I like the premise of this article about eco-friendly fisheries, but they said some pretty stupid things. Here’s the part that made me the angriest:
“It is also possible to select types of fish that provide much more food while consuming less. The catfish, for example, originally an African freshwater fish, provides one kilo of fish for every 800 grams of food it consumes. The rest of its growth comes from the warmth of the water in which it swims and the air it breathes. The catfish is a lungfish.”
OK, what? “The catfish” is orignally from Africa? Do they think there’s only one species of catfish? It occurred to me that maybe they meant that all catfish came from a common African ancestor, which radiated and spread throughout the world. But no, the earliest known catfish fossils are from Argentina. They have to be talking about one particular species of catfish, but it’s stated as though there is only one species. ARGHH THAT MAKES ME MAD!!
And then they say that catfish are lungfish? When I read that, I ran outside, approached the nearest, baddest, biggest, toughest looking dude, and said, “I SLEPT WITH YOUR WIFE!!” Why did I to this? It’s simple: I didn’t want to look like a complete idiot when I started crying blood.
Guys, lungfish are lungfish!
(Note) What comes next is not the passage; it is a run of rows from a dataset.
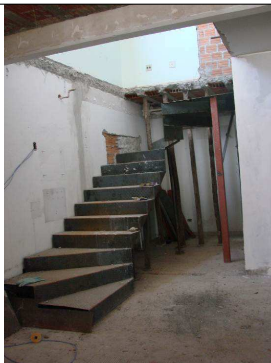
Figura 56C: Montagem da escada metálica com degraus em chapa xadrez de aço.
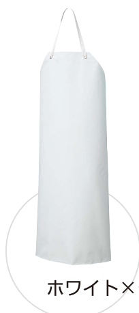
ホワイト×グリーン
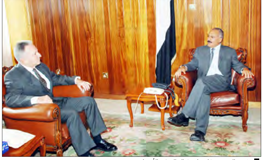
رئيس الجمهورية لدى استقباله السفير الأمريكي

سناء / سبأ: استقبل فخامة الأخ الرئيس علي عبدالله صالح رئيس الجمهورية أمس سفير الولايات المتحدة الأمريكية لدى اليمن ستيفن سينتش، للتوديع بمناسبة انتهاء فترة عمله. وسلم السفير الأمريكي لفخامة الأخ الرئيس خلال المقابلة رسالة خطية من الإدارة الأمريكية تتعلق بعلاقات التعاون الثنائي بين البلدين الصديقين والسبل الكفيلة بتعزيزها وتطويرها في المجالات كافة وعلى وجه الخصوص التعاون في المجال التنموي ومكافحة الإرهاب. وأعلنت الإدارة الأمريكية في الرسالة قرار الولايات المتحدة الأمريكية رفع المساعدات السنوية المقدمة لمسيرة التنمية والديمقراطية والتنمية الاقتصادية في اليمن إلى ثلاثمائة مليون دولار .. مجددة التزام الولايات المتحدة بالوقوف إلى جانب اليمن وأمنه واستقراره ووحدته. وأكدت الرسالة التزام الإدارة الأمريكية بالعمل مع شركاء التنمية الدوليين من أجل حشد الدعم لليمن لتعزيز قدراته في مواجهة التحديات الاقتصادية والتنموية والأمنية. وقد أثنى فخامة الأخ الرئيس
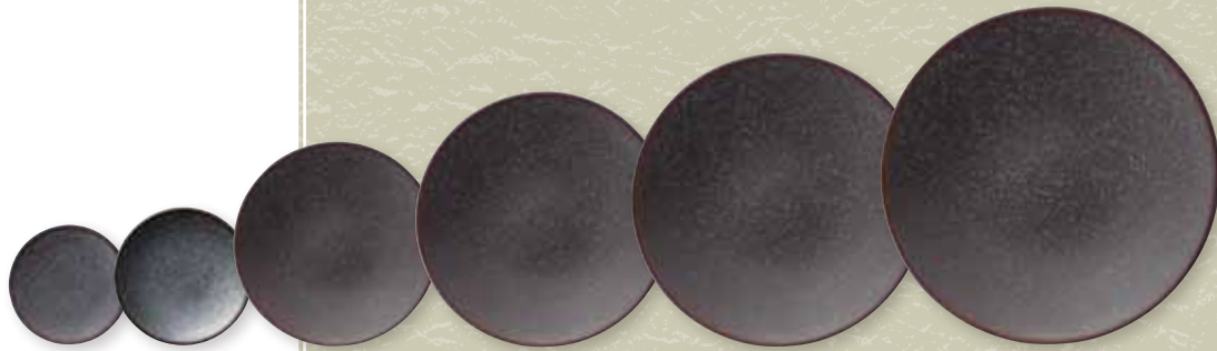
NEW 75100002 4.0皿 ¥680 D12.6×H1.6 NEW 75100004 5.0皿 ¥830 D15.3×H1.8 NEW 75100006 6.0皿 ¥1,150 D18.8×H2.1 NEW 75100008 7.0皿 ¥1,300 D21.3×H2.2 NEW 75100010 8.0皿 ¥2,600 D24.8×H2.2 NEW 75100012 9.0皿 ¥3,000 D27.8×H2.2
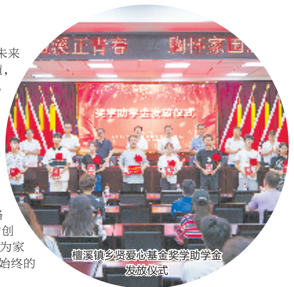
檀溪镇乡贤爱心基金奖助学金发放仪式

此外,本届乡贤大会还将举办浦江战略性新兴产业高层次人才创业大赛、“百才揭榜 我为家乡做件事”等贯穿大会始终的活动。
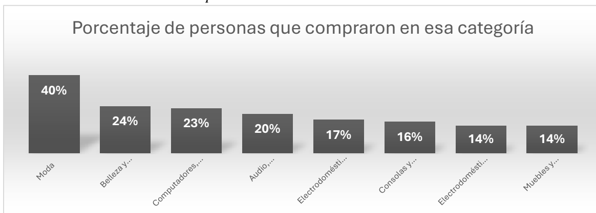
Gráfico 1. Productos más comprados en línea durante la edición 2023 del Hot Sale en México

Nota. Elaboración propia con datos obtenidos de la Asociación Mexicana de Ventas Online
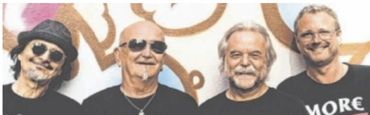
The Recyclers sorgen am 19. September für Stimmung.

mit Rock und Blues verbunden ist. Die Granden der legendären „Tornados“, „Rain & Tears“, „Gustl und seine Haberer“ und der „Showbrothers“ haben sich als „Recyclers“ wiedergefunden. „Wiederverwertet“ werden sie beim Konzert alles geben was sie draufhaben. Als Vorband tritt „Horch zua“ auf. VVK: www.gutau.ooesb.at ; AK: 20 Euro; Beginn: 19 Uhr, Einlass: 18.30 Uhr ■
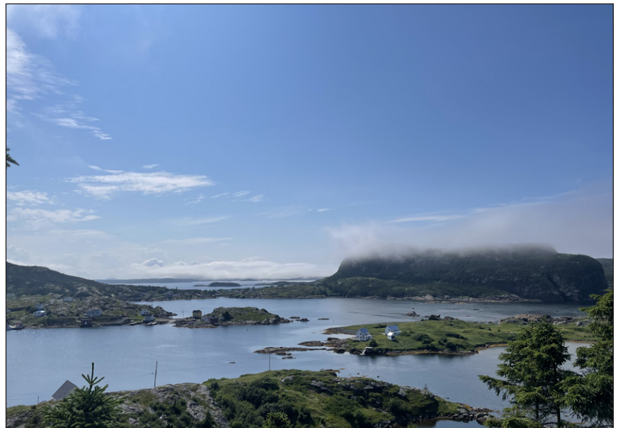
Indice: Toujours pas à Cuba, pour vous rendre à ce village de pêcheurs, il faut suivre la rue vers les plages.
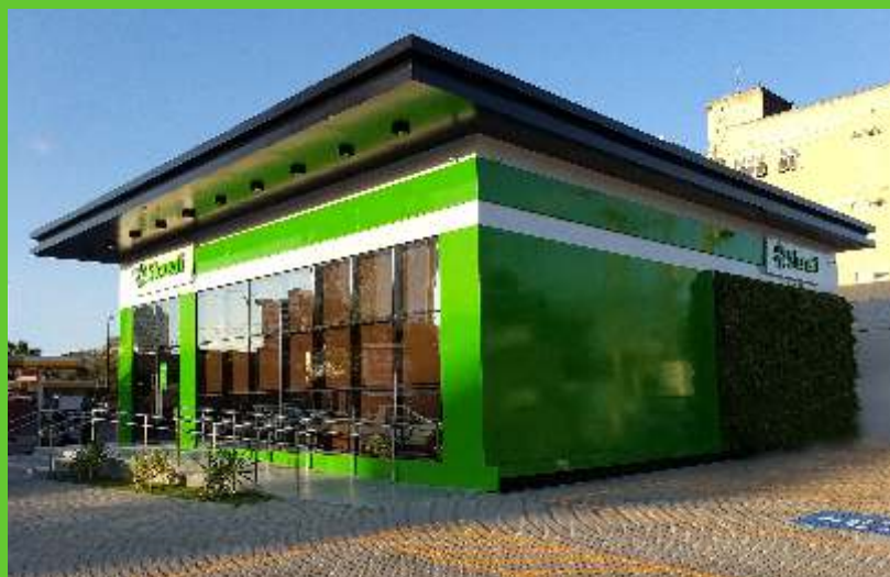
Agência Catolé Campina Grande

I get that you’re trying to convey that some catfish can utilize atmospheric oxygen, but they are not lungfish!
But wait, there’s another article that upset me slightly less. It describes a study that proposes the idea that hiccups may be an evolutionary throwback to breathing with gills. Scope this out, bros:
“Such brotherly creatures would be, you guessed it, frogs (more specifically tadpoles or any gilled amphibian or lungfish). “
That sentence doesn’t quite make sense. Yeah, uh, my favorite food is Japanese food (more specifically, spaghetti and other kinds of desert).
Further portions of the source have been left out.